Measurement of the Per Cavity Energy Recovery Efficiency in the Single Turn CBETA Configuration
C. Gulliford, N. Banerjee, A. Bartnik, J. Crittenden, K., Deitrick, G. H. Hoffstaetter, P. Quigley, K. Smolenski, J. S., Berg, R. Michnoff, S. Peggs, D. Trbojevic

TL;DR
This paper reports precise measurements of energy recovery efficiency in the CBETA test accelerator, demonstrating near-perfect energy recovery per cavity in a single-turn superconducting ERL setup, crucial for future multi-turn designs.
Contribution
It provides the first direct measurement of per cavity energy recovery efficiency in a single-turn superconducting ERL, achieving over 99.2% efficiency per cavity.
Findings
Total one-turn power balance efficiency of 99.4%
Per cavity efficiency ranging from 99.2% to 99.8%
Single particle energy recovery efficiencies from 99.8% to 100.5%
Abstract
Prior to establishing operation of the world's first mulit-turn superconducting Energy Recovery Linac, (ERL) the Cornell-BNL Energy Recovery Test Accelerator (CBETA) was configured for one turn energy recovery.

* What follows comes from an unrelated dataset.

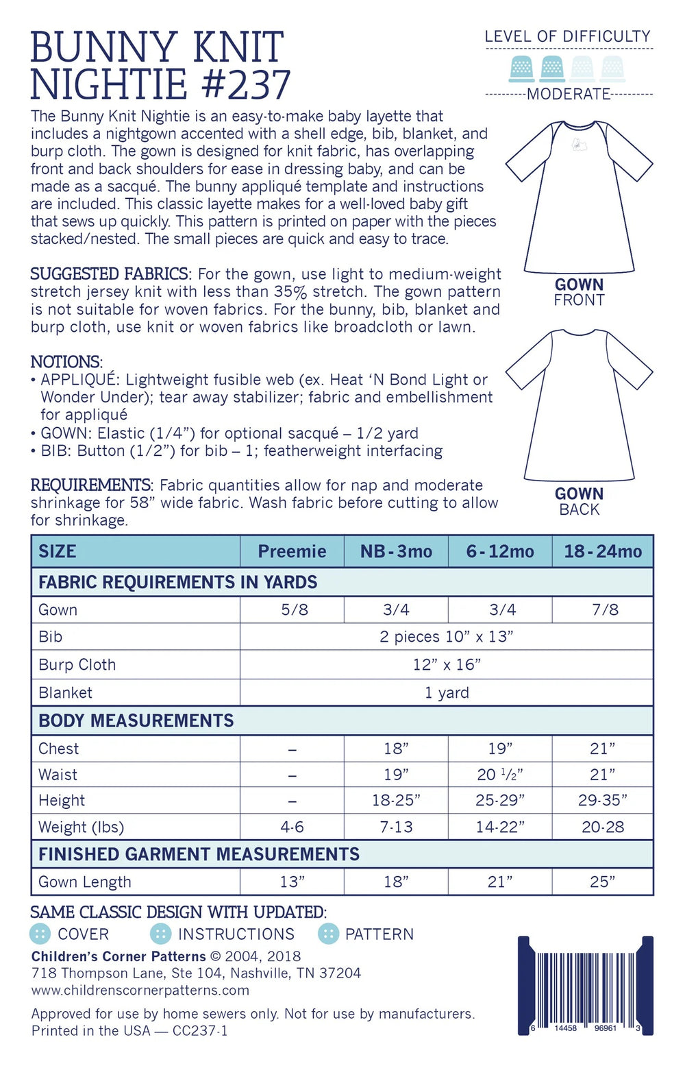 The Bunny Knit Nightie is an easy-to-make baby layette that includes a nightgown accented with a shell edge, bib, blanket, and burp cloth. The gown is designed for knit fabric, has overlapping front and back shoulders for ease in dressing baby, and can be made as a sacqué. The bunny appliqué template and instructions are included. This classic layette makes for a well-loved baby gift that sews up quickly. This pattern is printed on paper with the pieces stacked/nested. The small pieces are quick and easy to trace.
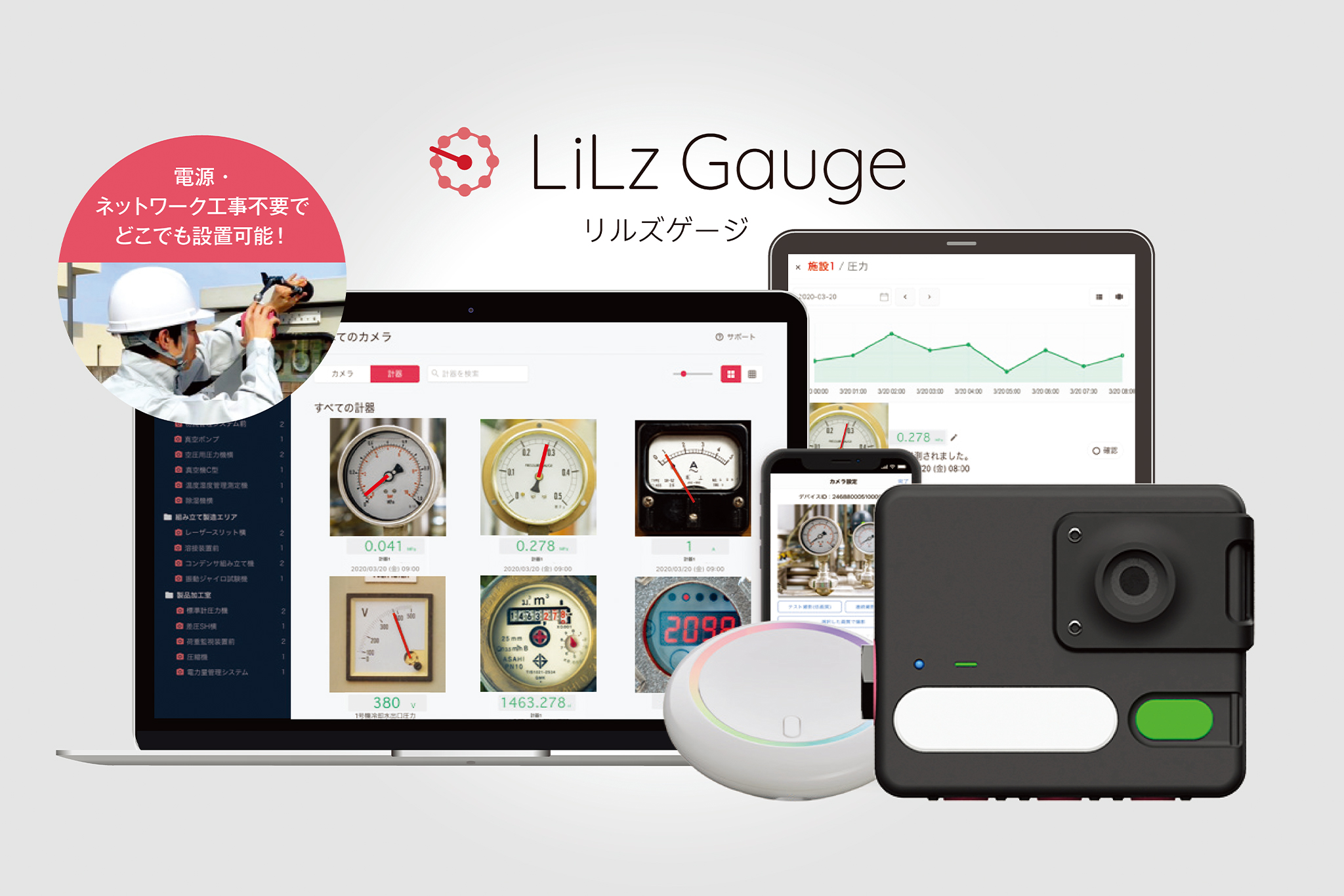 LiLz Gaugeがメーターを自動読取り、LiLz Guardが「いつもと違う」を数値で見える化します。

In this setup, direct measurement of the beam loading in each of the main linac cavities demonstrated high energy recovery efficiency. Specifically, a total one-turn power balance efficiency of 99.4%, with per cavity power balances ranging from 99.2-99.8%, was measured. When accounting for small particle losses occurring in the path length adjustment sections of the return loop, this corresponds to per cavity single particle energy recovery efficiencies ranging from 99.8 to 100.5%. A maximum current of 70 microamps was energy recovered, limited by radiation shielding of the beam stop in its preliminary installation.